_DATASET SECTION_
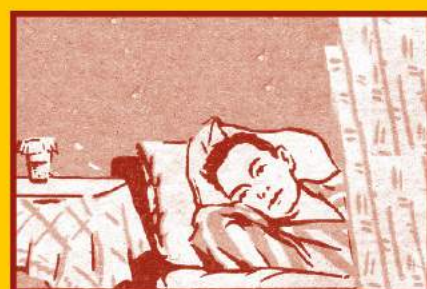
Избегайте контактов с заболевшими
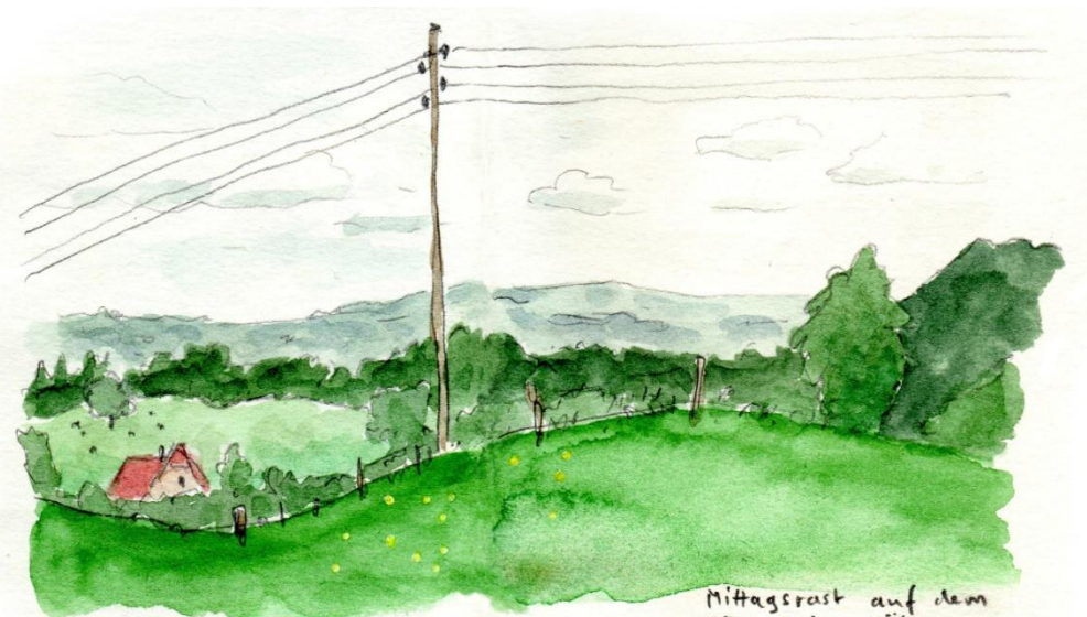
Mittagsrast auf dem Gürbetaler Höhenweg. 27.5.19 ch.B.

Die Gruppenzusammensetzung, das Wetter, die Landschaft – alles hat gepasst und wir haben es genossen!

_WORK REQUIRED_
Print each line, exactly as written, from the one that contains "Mittagsrast auf dem" to the end of the data above, with both end lines included and nothing else.

_SOLUTION_
Mittagsrast auf dem Gürbetaler Höhenweg. 27.5.19 ch.B.

Die Gruppenzusammensetzung, das Wetter, die Landschaft – alles hat gepasst und wir haben es genossen!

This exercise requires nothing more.